(DATA BELOW):
____________

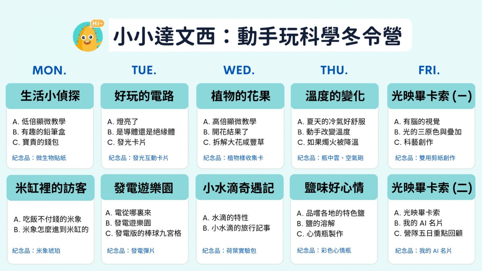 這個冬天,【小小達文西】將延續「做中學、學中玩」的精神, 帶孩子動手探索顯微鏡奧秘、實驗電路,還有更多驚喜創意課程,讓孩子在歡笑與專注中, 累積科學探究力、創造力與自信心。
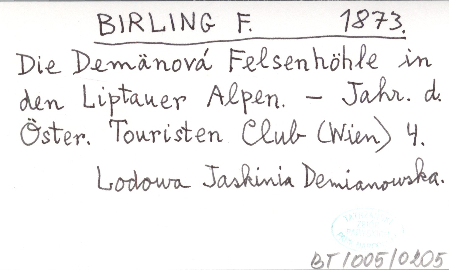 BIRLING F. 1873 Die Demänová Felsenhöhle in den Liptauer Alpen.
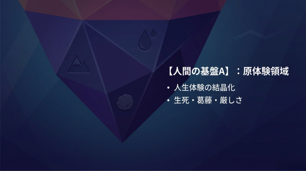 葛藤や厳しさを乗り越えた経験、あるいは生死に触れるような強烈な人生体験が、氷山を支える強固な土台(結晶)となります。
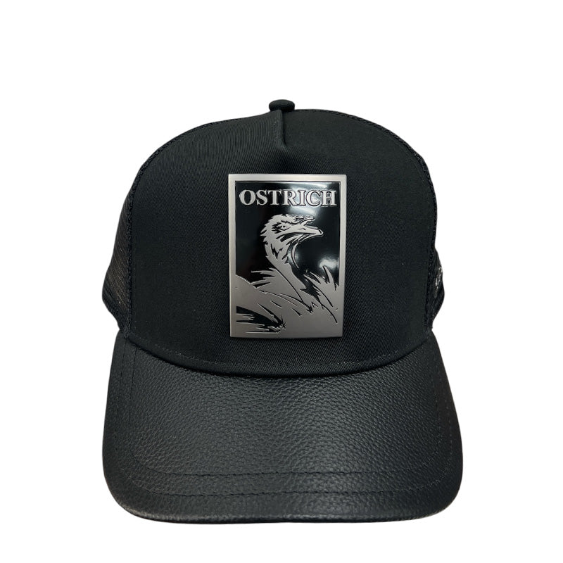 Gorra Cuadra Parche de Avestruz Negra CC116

____________

(WORK TASK): Take the data above and set it down exactly, images excluded.

(OUTPUT OF THE EXERCISE):
 這個冬天,【小小達文西】將延續「做中學、學中玩」的精神, 帶孩子動手探索顯微鏡奧秘、實驗電路,還有更多驚喜創意課程,讓孩子在歡笑與專注中, 累積科學探究力、創造力與自信心。
 BIRLING F. 1873 Die Demänová Felsenhöhle in den Liptauer Alpen.
 葛藤や厳しさを乗り越えた経験、あるいは生死に触れるような強烈な人生体験が、氷山を支える強固な土台(結晶)となります。
 Gorra Cuadra Parche de Avestruz Negra CC116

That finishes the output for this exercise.